Совсем в ином режиме функционировал медпункт. Народ на БАМ мобилизовали крепкий, выносливый. Ввиду почти полного отсутствия пациентов мой друг еще по целине, врач Тамаз Урушадзе, самозабвенно занялся сбором образцов сибирской флоры - лекарственных трав, шишек, мхов, грибов, диких ягод. Проветривал их, сушил под солнцем, смешивал между собой. На этом вся его гомеопатия заканчивалась и начинались опыты, также далеко отстоящие от медицины, как Ния от Ланчхути, где имел счастье родиться пытливый гуриец. Весь переработанный урожай он раскладывал по колбам и заливал разбавленным дистиллированной водой спиртом. Каждая настойка на всех этапах купажирования интенсивно дегустировалась. Этот ответственный технологический момент почти полностью заменял нам отсутствовавшие телевидение, киносеансы и занятия в кружках художественной самодеятельности.
Но однажды из-за недельного сбоя с электричеством лабораторные исследования доктора были поставлены на грань срыва. Сгорел какой-то важный узел силовой установки, и монтера по фамилии Евтушенко срочно командировали в Тынду, где он бесследно исчез.
Урушадзе, бормоча смачные ругательства, как средневековый алхимик, вынужден был корпеть над зельем со стеариновой свечой. Когда же его терпение полностью вытеснила ненависть, дверь с грохотом распахнулась и в комнату ввалился высокий мужчина в лыжной куртке и кокетливой кепке, одной цветовой гаммы с повязанным вокруг шеи кашне.
- Здравствуйте, я Евтушенко! - огласил он с пафосом, достойным одарившего людей огнем Прометея.
Давно утративший над собой контроль блудный сын Асклепия медленно развернулся на табуретке и, щуря близорукие глаза, выпустил такую автоматную очередь сплошь из восклицательных знаков, что незнакомец от неожиданности присел на корточки. А в проеме покатывалось от смеха все руководство отряда, специально подославшее вместо пропавшего мастерового приехавшего в Нию поэта - его однофамильца.
Евгений Александрович пробыл в лагере три дня, оказавшихся достаточными для того, чтобы в опубликованной вскоре поэме "Просека" целую главу посвятить нашим ребятам.

Я видел Грузию на БАМе.
Там, как в тифлисской серной бане,
От пота ярого мокры,
Грузины строили поселок.



УРОКИ ЮНОСТИ

Евтушенко ворвался в жизнь послевоенного поколения, как чуточку переросший нас старший брат, первым в семье рискнувший ослушаться строгих родителей.
Что бы он ни говорил, мы все примеряли на себя, пьянея от терпкого чувства самостоятельности, озоном бившего в лицо из-под его рифмованных слов.
Четырнадцатилетним навсегда запомнил знаменитое:

Безмолвствовал мрамор.
Безмолвно мерцало стекло.
А гроб чуть дымился,
На льду бронзовея...

напечатанное в "Правде" и окончательно расколовшее страну на друзей и врагов поэта.

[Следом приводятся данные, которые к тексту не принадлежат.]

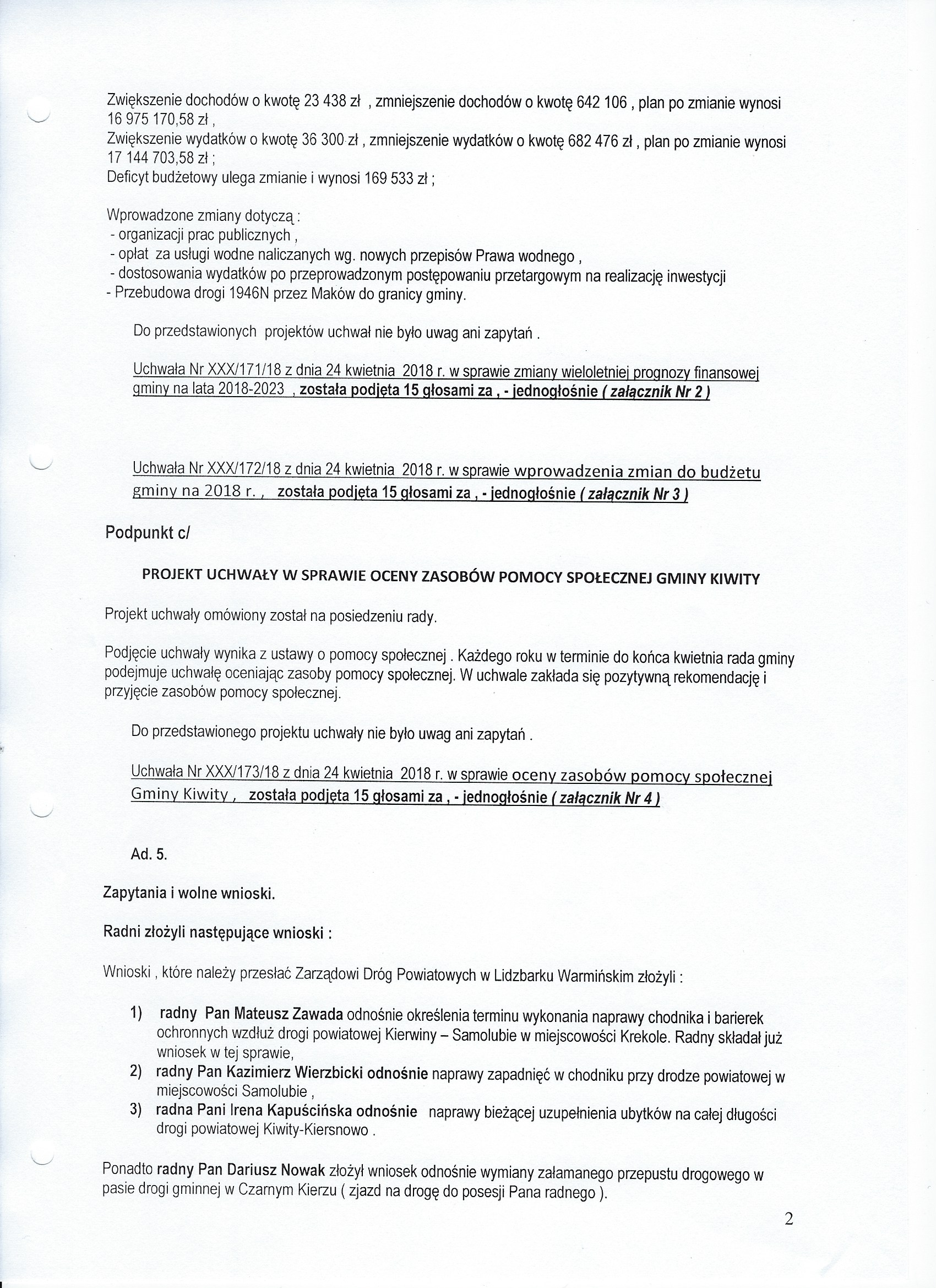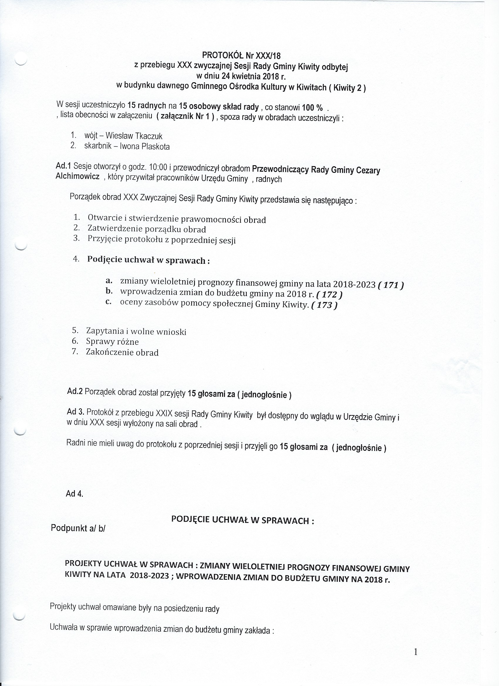 Protokół NR XXX/18 z przebiegu XXX zwyczajnej Sesji Rady Gminy Kiwity odbytej w dniu 24 kwietnia 2018 r.
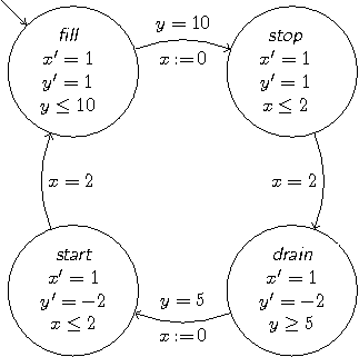 As a standard example, consider the bouncing ball [10]. A ball falls from height h and bounces back from the ground (h=0) after an elastic deformation. The current speed of the ball is denoted by v, and t is a clock measuring the falling time. We assume an arbitrary positive gravity force g and that the ball loses energy according to a damping factor 0≤c<1.

Сам обожавший противоречия, он столкнул лбами миллионы, заставив полемизировать честных со лжецами, бунтарей с соглашателями, оптимистов с ретроградами.
Уже в университетской среде почувствовал, что отношение к нему стало более спокойным, уравновешенным. Хотя вся великолепная четверка шестидесятников - Ахмадулина, Вознесенский, Окуджава, Евтушенко, запряженная в одну стремительную пролетку, не умела, в отличие от большинства, ходить цугом и рвала поводья на каждом вираже, выбивая в бешеной скачке колеса из заезженной колеи.


БРАТАНИЕ С ГРУЗИЕЙ

Начатое Пушкиным, Лермонтовым, Грибоедовым, продолженное Маяковским, Пастернаком, Тихоновым, Заболоцким, Межировым, оно не могло не втянуть его в свой водоворот, не коснуться порывом, рассекавшим прозрачный горный воздух.

О, Грузия, нам слезы вытирая,
Ты - русской музы колыбель вторая,

О Грузии забыв неосторожно,
В России быть поэтом невозможно.


Пятьдесят тысяч слов, посвященных Грузии, и еще несколько сот стихотворений ее авторов, переведенных на русский язык, - убедительное право на считать себя пасынком чужой Музы.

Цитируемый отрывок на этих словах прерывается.